At the time of the writing of this paper, few states had laws specifically prohibiting sexual contact with animals. Legislation is proposed to curb social violence and protect the rights of animals by extending animal cruelty laws to include bestiality. Although the average age of the juveniles in the current study reported that their first sexual act against an animal was only approximately 11 years old, the acts are viewed as reaching beyond mere child-like curiosity. Based on the findings it is plausible to give consideration that these animal offences should not be dismissed as “victimless forms of sexual gratification”. It is difficult for the authors to see how animals are capable of consenting to such sex acts, considering that pain and injury are most likely inflicted on many of the victims of these acts.
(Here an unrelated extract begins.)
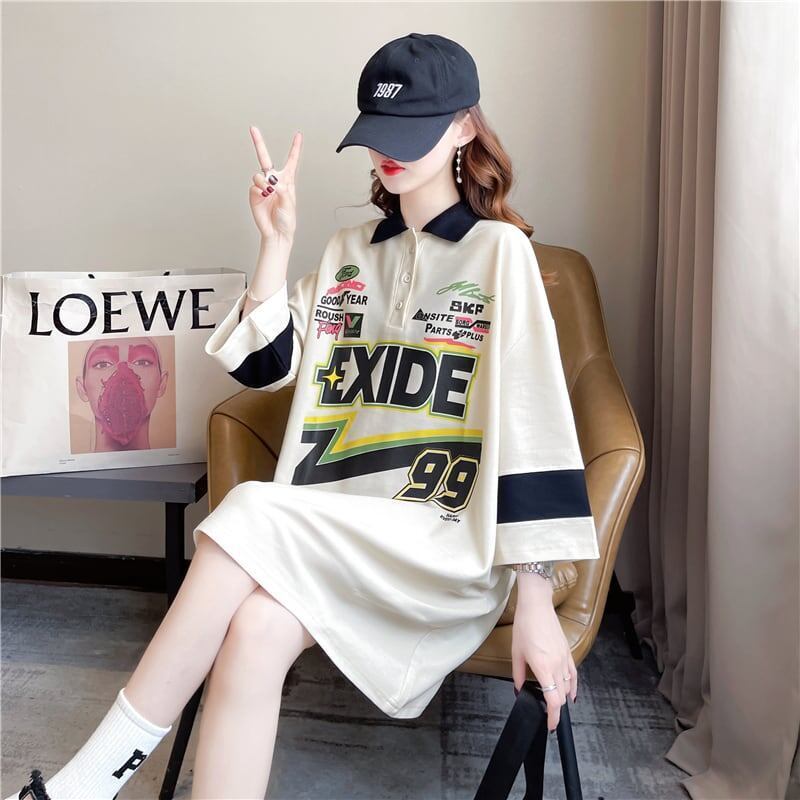質感のいい プリントTシャツ ロング POLOネック ゆったり半袖 GF2444

Moreover, the finding that 23 of the 24 juveniles who engaged in bestiality reported also sexually assaulting humans is alarming. It has been observed that bestiality seldom occurs in isolation from other sex-offending activity among the juvenile population. Further studies are needed to determine if bestiality in adolescence or pre-adolescence is a predictor of sex-offending activity in adulthood. Lastly, as the authors initial discussed in this paper, bestiality carries a social stigma and generally is kept secret by those who have engaged in it, therefore related acts are most likely under reported and under represented. Furthermore, based on this stigma, attention must be placed on the possibility that subjects might minimize their sex acts against animals with respect to frequency and degrees of severity. Finally, as previously indicated, further studies are warranted before broader generalizations can be made.